(RECORDS PROVIDED Opens)
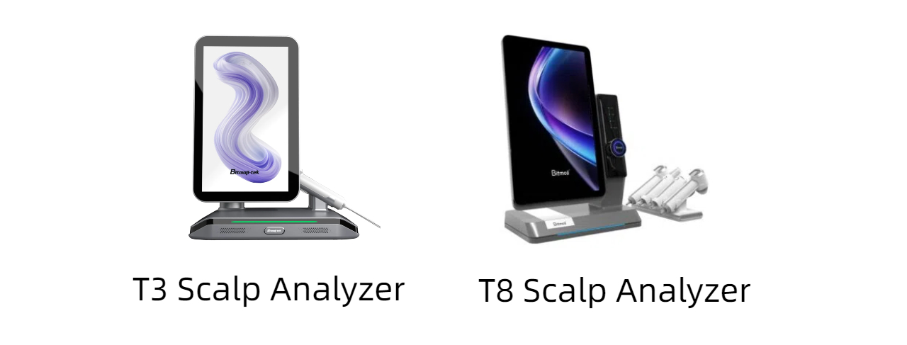 The T8 scalp analyzer goes beyond basic functions and has added three additional analytical indicators and two sub-dimensions.They are empty follicles and new hair.
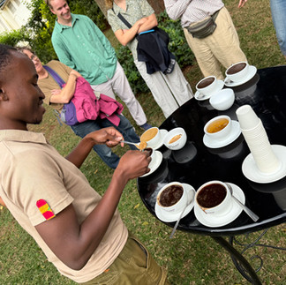 Tea Farm, Coffee Farm, Cheese Farm, Giraffe Farm...Nairobi offered a completely different set of opportunities to experience. And we didn't even go to the Nairobi National Park on the outskirts of the city - a wonderful national wildlife preserve where you can see the Big Five with the city skyscrapers in the background - quite different from the Serengeti. One of the interesting items we learned in the coffee farm relates to bees. The farm had various plants and trees surrounding the coffee fields, such as banana, macadamia nut, peach, mango, avocado, etc. Due to the bee pollenation the coffee nearest the surrounding plants would gain some of the same taste characteristics. One of the coffee beans had a definite aroma of banana while another took on those of the avocado or macadamia nuts, which was fascinating. My taste palette isn't that refined, but as long as I can taste caffeine in my coffee I'm typically pretty good. But I love learning about the process a bit more.
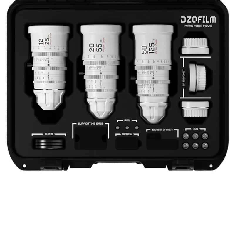 Šis komplekts ietver trīs DZOFILM Pictor Zoom objektīvus: 12-25mm, 20-55mm un 50-125mm, visi ar T2.8 diafragmu, kas ievietoti aizsargājošā somā.
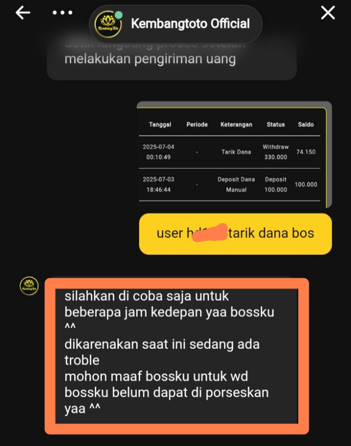 mohon di bantu boss saya wd 4 juta tidak di proses dengan alasan kendala pada bank tapi saldo di kembalikan ke akun dan saya wd lagi 2 juta belum juga di proses mohon bantuan nya boss ku
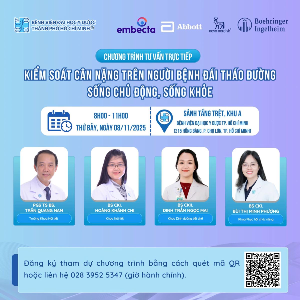 Nhân ngày Đái tháo đường Thế giới, Bệnh viện Đại học Y Dược TP. Hồ Chí Minh tổ chức chương trình tư vấn “Kiểm soát cân nặng trên người bệnh đái tháo đường - sống chủ động, sống khỏe", với sự tư vấn từ các chuyên gia:
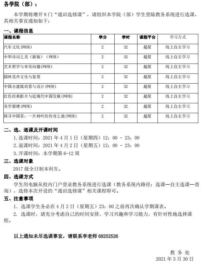 关于开展本学期增开“通识选修课”课程选课的通知
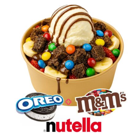 Un bowl lleno de antojos: trozos de waffle, nutella, fresa, banano, M&M´s, trozos de brownie,…$25,000 -
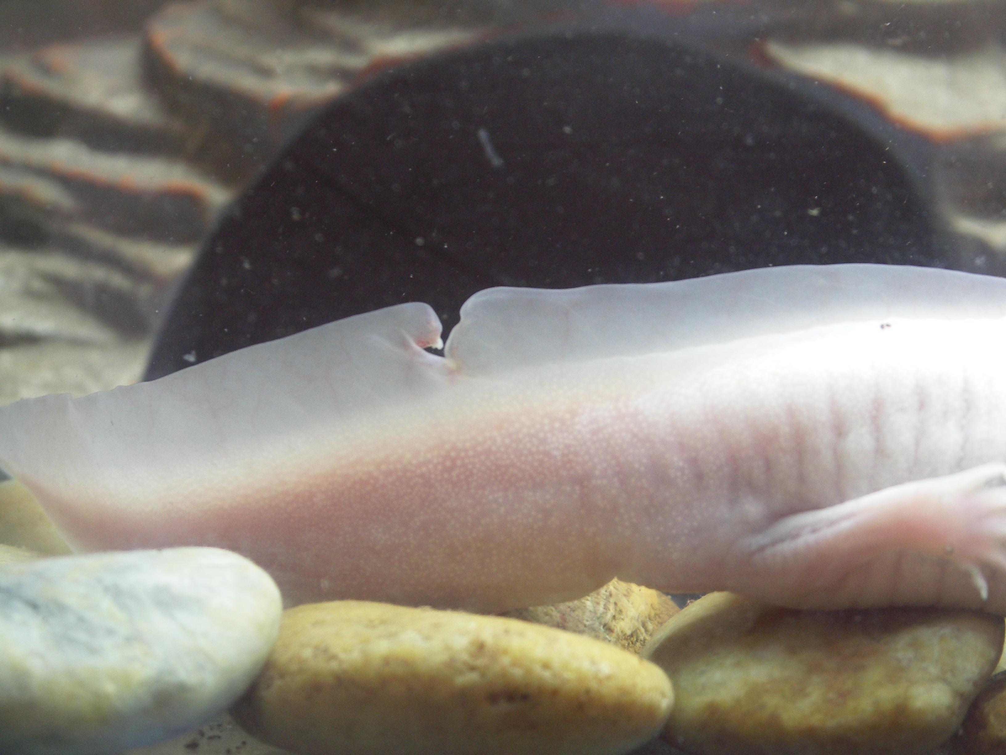 Maga az axi nincs túl jó állapotban az, hogy 1 évesen csak ekkora azt jelenti, hogy beltenyészetből származik, ezt megerősíti a befelé növő farokvég, ebből kifolyólag meglehet, hogy a lába a harapás előtt is kicsit kacska volt. A sérülés nem vészes, de figyelgessétek. Az axi eléggé vékony viszont. Nincs probléma a táplálkozásával? (Kopoltyúja aprócska)
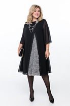 Платье- рубашка свободного силуэта, комбинированно из двух тканей. Вырез горловины рубашечного типа, застежка на петли и пуговицы по переду. В боковых швах карманы, по переду кокетка и клапаны. В комплекте ремень из основной ткани. Рукав длинный на манжете внизу.
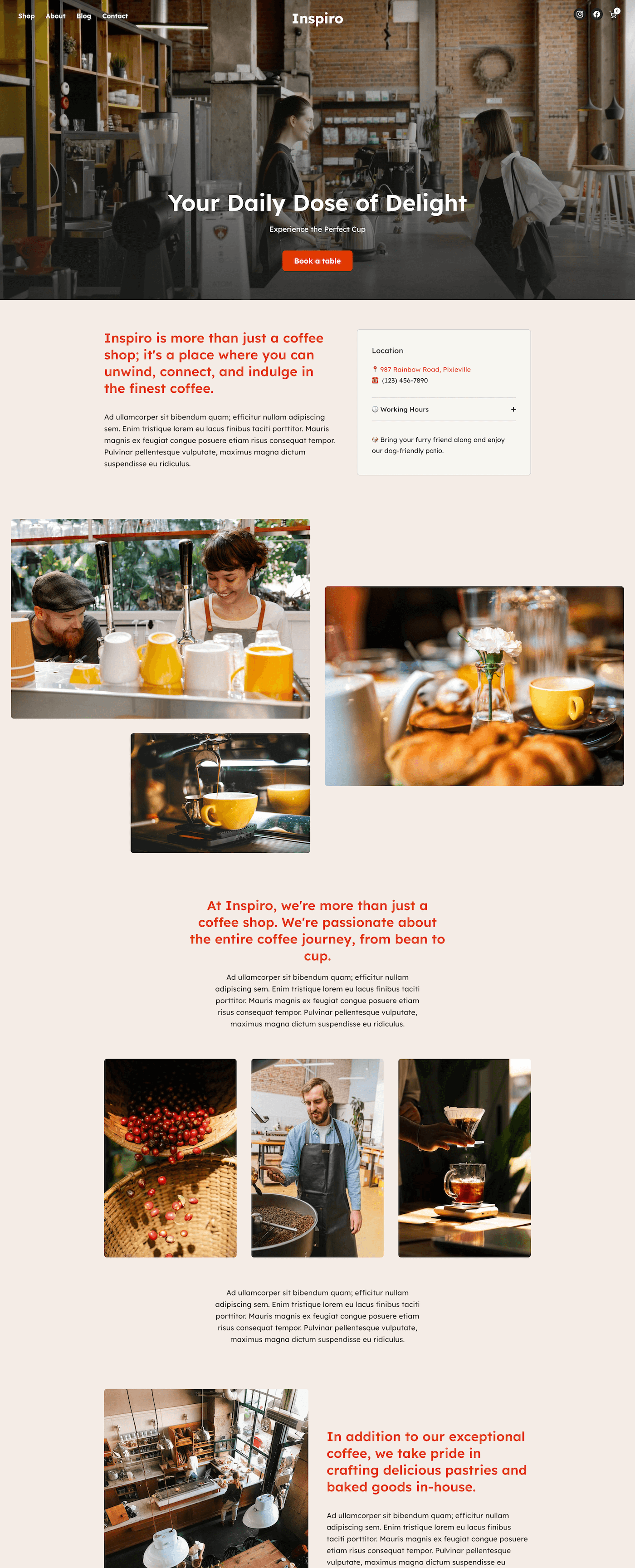 Coffee Shop WordPress theme, About page, Shop page, Blog page, Contact page
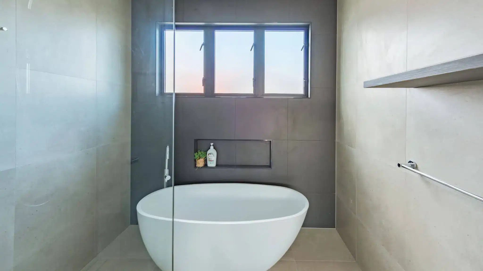 Black sliding doors provide a stylish entry into the spacious master bedroom and upstairs hall, with direct access to a large, L-shaped balcony overlooking the entertaining area and a picturesque jacaranda tree beyond. The balcony’s lounge is a peaceful setting for a glass of wine as the sun sets or a coffee as it comes up.
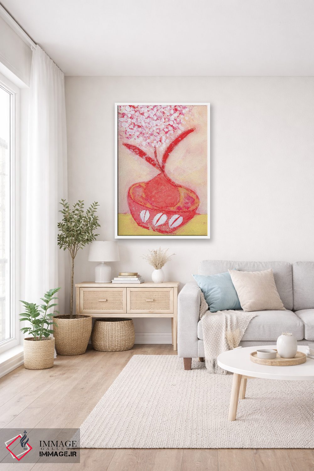 این تابلو اثرِ «ژانیا شاریپژانوا» با حس معاصر، کنار رنگهای خنثی و مبلمان ساده خوب مینشیند؛ موضوعِ این اثر هم فضا را کامل میکند.
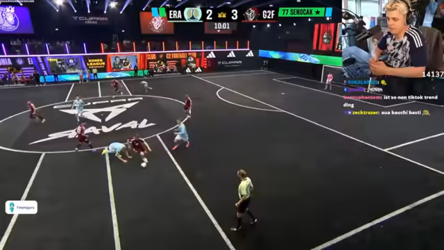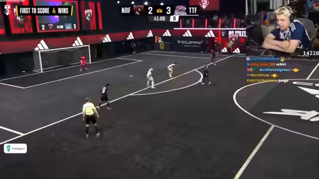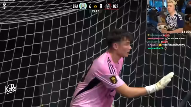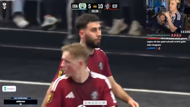 04:00:45Das Spiel wird durch eine längere Unterbrechung und Verletzung des Star-Spielers der gegnerischen Mannschaft unterbrochen. Danach entwickelt sich ein packendes 5 gegen 5 mit nervenaufreibenden Situationen. Das Team nutzt den verletzungsbedingten Torwartwechsel des Gegners und Finn Hanke schießt das Siegtor in eine unbesetzte Tor. Der Streamer ist überwältigt von dem 'kranken Trap' und feiert den verdienten Sieg gegen die ungeschlagenen No Rules.
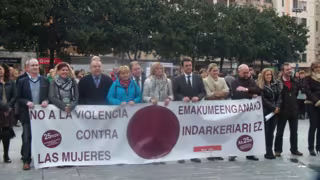 Una decena de alumnos de Educación Secundaria Obligatoria (ESO) en el Instituto Antonio Trueba y una monitora-educadora de prevención de la violencia machista, han leído este viernes en la Herriko Plaza de Barakaldo (Bizkaia), el manifiesto aprobado por el Ayuntamiento fabril con motivo del Día Internacional contra la Violencia hacia las Mujeres. Posteriormente, se ha celebrado una concentración silenciosa en el mismo punto, a la que ha asistido el alcalde, Tontxu Rodríguez.
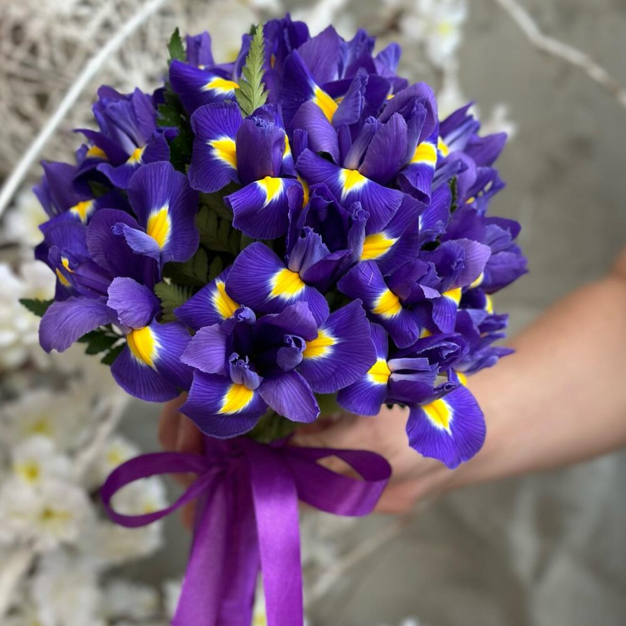 Свадебный букет из синих ирисов
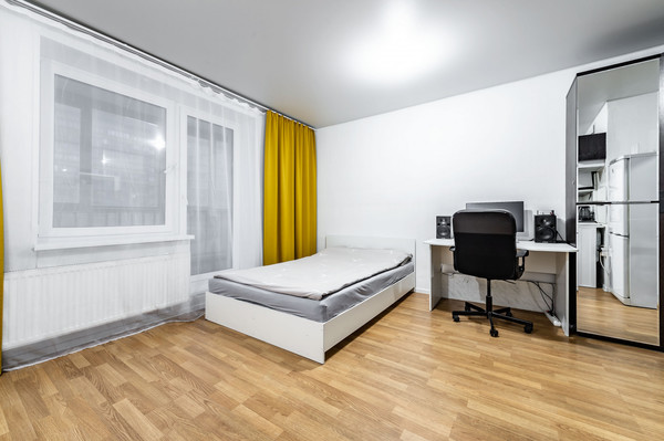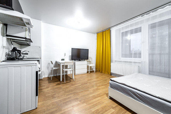 О КВАРТИРЕ: 27 кв. м (по факту) 26,2 по выписке, 14 этаж — светлая, тёплая, с панорамным балконом! Квадратная форма. Окна во двор, на юго-восток — тихо и солнечно. Есть вся бытовая техника и мебель (оставляем!). Есть все - заезжай и живи!
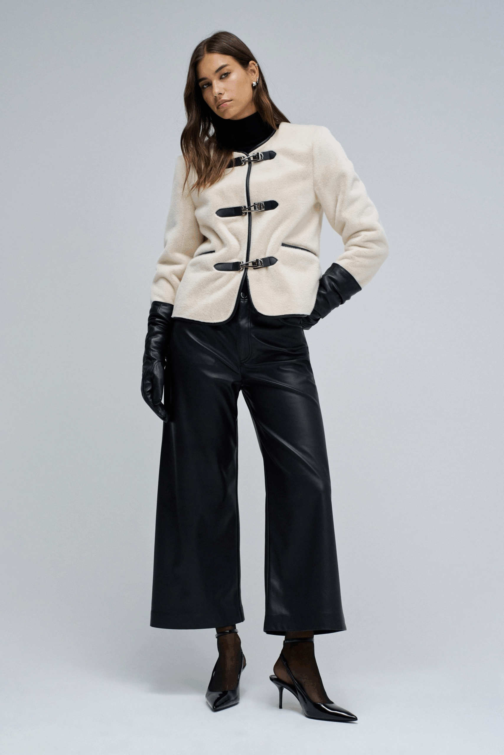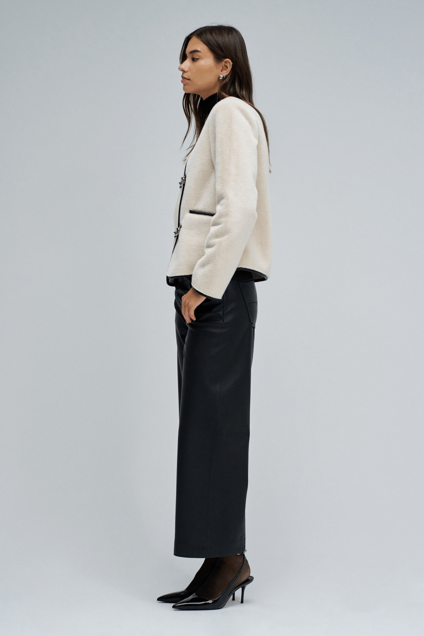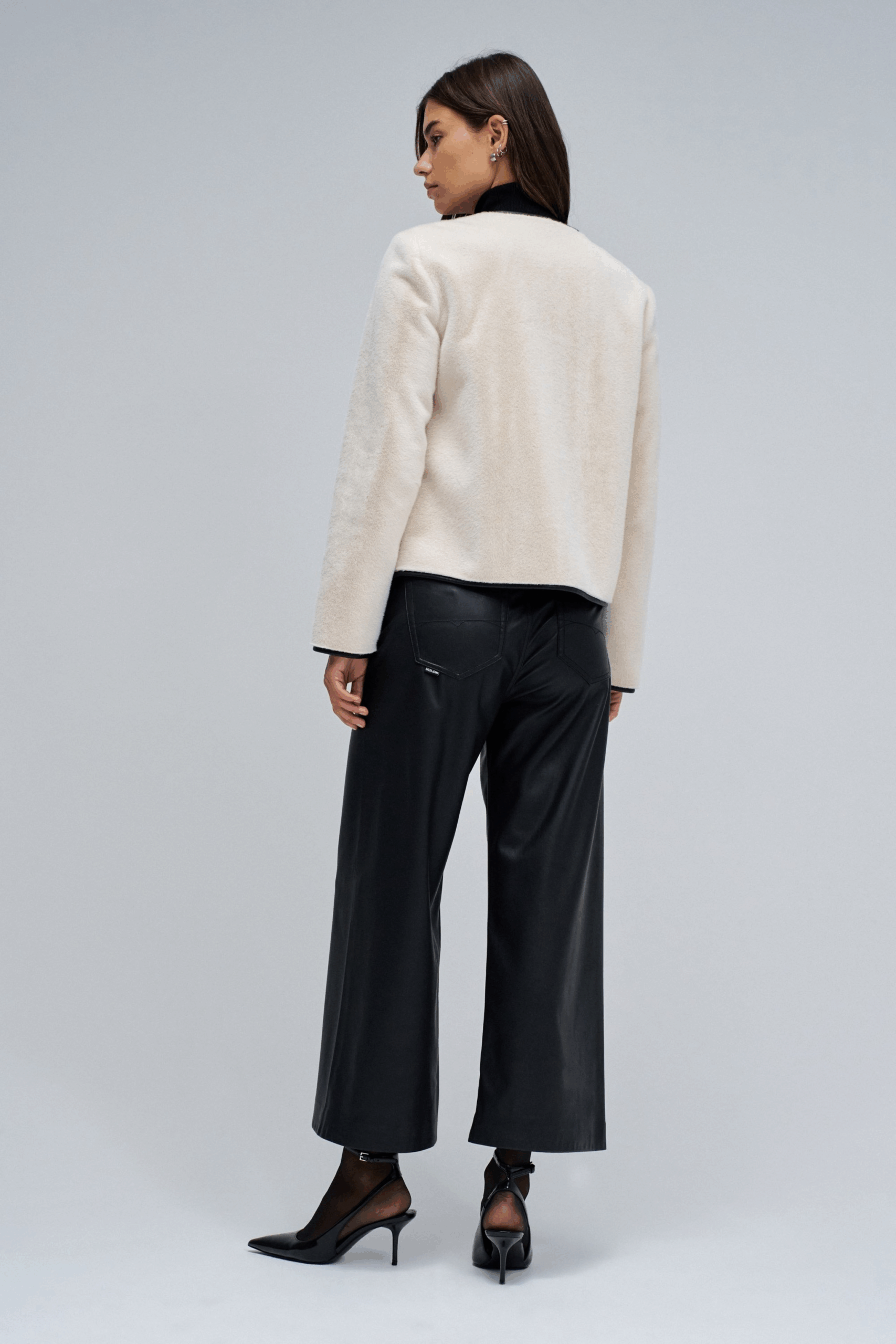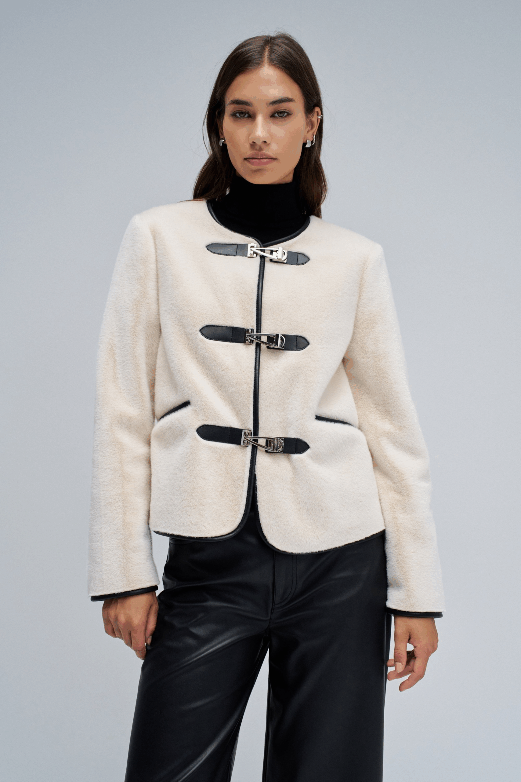 Esta chaqueta con pelo es un homenaje al confort sofisticado de los días fríos. De corte regular y cuello redondo, revela un equilibrio entre suavidad y estructura, con extremos en efecto piel que añaden contraste y sofisticación urbana. Los botones con gancho metálico en la parte delantera refuerzan el carácter distintivo de la prenda, mientras que los dos bolsillos discretos garantizan practicidad sin perder el encanto.Ideal para otoño-invierno, es el aliado perfecto para superponer a jerséis finos o blusas elegantes, creando combinaciones que combinan textura y elegancia. Completa el look con pantalones de efecto piel o vaqueros oscuros para un estilo urbano y casual chic.
(RECORDS PROVIDED Closes)
WHAT TO WORK ON: You are asked to reproduce each line above exactly, but to exclude the pictures.

YOUR SOLUTION:
 The T8 scalp analyzer goes beyond basic functions and has added three additional analytical indicators and two sub-dimensions.They are empty follicles and new hair.
 Tea Farm, Coffee Farm, Cheese Farm, Giraffe Farm...Nairobi offered a completely different set of opportunities to experience. And we didn't even go to the Nairobi National Park on the outskirts of the city - a wonderful national wildlife preserve where you can see the Big Five with the city skyscrapers in the background - quite different from the Serengeti. One of the interesting items we learned in the coffee farm relates to bees. The farm had various plants and trees surrounding the coffee fields, such as banana, macadamia nut, peach, mango, avocado, etc. Due to the bee pollenation the coffee nearest the surrounding plants would gain some of the same taste characteristics. One of the coffee beans had a definite aroma of banana while another took on those of the avocado or macadamia nuts, which was fascinating. My taste palette isn't that refined, but as long as I can taste caffeine in my coffee I'm typically pretty good. But I love learning about the process a bit more.
 Šis komplekts ietver trīs DZOFILM Pictor Zoom objektīvus: 12-25mm, 20-55mm un 50-125mm, visi ar T2.8 diafragmu, kas ievietoti aizsargājošā somā.
 mohon di bantu boss saya wd 4 juta tidak di proses dengan alasan kendala pada bank tapi saldo di kembalikan ke akun dan saya wd lagi 2 juta belum juga di proses mohon bantuan nya boss ku
 Nhân ngày Đái tháo đường Thế giới, Bệnh viện Đại học Y Dược TP. Hồ Chí Minh tổ chức chương trình tư vấn “Kiểm soát cân nặng trên người bệnh đái tháo đường - sống chủ động, sống khỏe", với sự tư vấn từ các chuyên gia:
 关于开展本学期增开“通识选修课”课程选课的通知
 Un bowl lleno de antojos: trozos de waffle, nutella, fresa, banano, M&M´s, trozos de brownie,…$25,000 -
 Maga az axi nincs túl jó állapotban az, hogy 1 évesen csak ekkora azt jelenti, hogy beltenyészetből származik, ezt megerősíti a befelé növő farokvég, ebből kifolyólag meglehet, hogy a lába a harapás előtt is kicsit kacska volt. A sérülés nem vészes, de figyelgessétek. Az axi eléggé vékony viszont. Nincs probléma a táplálkozásával? (Kopoltyúja aprócska)
 Платье- рубашка свободного силуэта, комбинированно из двух тканей. Вырез горловины рубашечного типа, застежка на петли и пуговицы по переду. В боковых швах карманы, по переду кокетка и клапаны. В комплекте ремень из основной ткани. Рукав длинный на манжете внизу.
 Coffee Shop WordPress theme, About page, Shop page, Blog page, Contact page
 Black sliding doors provide a stylish entry into the spacious master bedroom and upstairs hall, with direct access to a large, L-shaped balcony overlooking the entertaining area and a picturesque jacaranda tree beyond. The balcony’s lounge is a peaceful setting for a glass of wine as the sun sets or a coffee as it comes up.
 این تابلو اثرِ «ژانیا شاریپژانوا» با حس معاصر، کنار رنگهای خنثی و مبلمان ساده خوب مینشیند؛ موضوعِ این اثر هم فضا را کامل میکند.
 04:00:45Das Spiel wird durch eine längere Unterbrechung und Verletzung des Star-Spielers der gegnerischen Mannschaft unterbrochen. Danach entwickelt sich ein packendes 5 gegen 5 mit nervenaufreibenden Situationen. Das Team nutzt den verletzungsbedingten Torwartwechsel des Gegners und Finn Hanke schießt das Siegtor in eine unbesetzte Tor. Der Streamer ist überwältigt von dem 'kranken Trap' und feiert den verdienten Sieg gegen die ungeschlagenen No Rules.
 Una decena de alumnos de Educación Secundaria Obligatoria (ESO) en el Instituto Antonio Trueba y una monitora-educadora de prevención de la violencia machista, han leído este viernes en la Herriko Plaza de Barakaldo (Bizkaia), el manifiesto aprobado por el Ayuntamiento fabril con motivo del Día Internacional contra la Violencia hacia las Mujeres. Posteriormente, se ha celebrado una concentración silenciosa en el mismo punto, a la que ha asistido el alcalde, Tontxu Rodríguez.
 Свадебный букет из синих ирисов
 О КВАРТИРЕ: 27 кв. м (по факту) 26,2 по выписке, 14 этаж — светлая, тёплая, с панорамным балконом! Квадратная форма. Окна во двор, на юго-восток — тихо и солнечно. Есть вся бытовая техника и мебель (оставляем!). Есть все - заезжай и живи!
 Esta chaqueta con pelo es un homenaje al confort sofisticado de los días fríos. De corte regular y cuello redondo, revela un equilibrio entre suavidad y estructura, con extremos en efecto piel que añaden contraste y sofisticación urbana. Los botones con gancho metálico en la parte delantera refuerzan el carácter distintivo de la prenda, mientras que los dos bolsillos discretos garantizan practicidad sin perder el encanto.Ideal para otoño-invierno, es el aliado perfecto para superponer a jerséis finos o blusas elegantes, creando combinaciones que combinan textura y elegancia. Completa el look con pantalones de efecto piel o vaqueros oscuros para un estilo urbano y casual chic.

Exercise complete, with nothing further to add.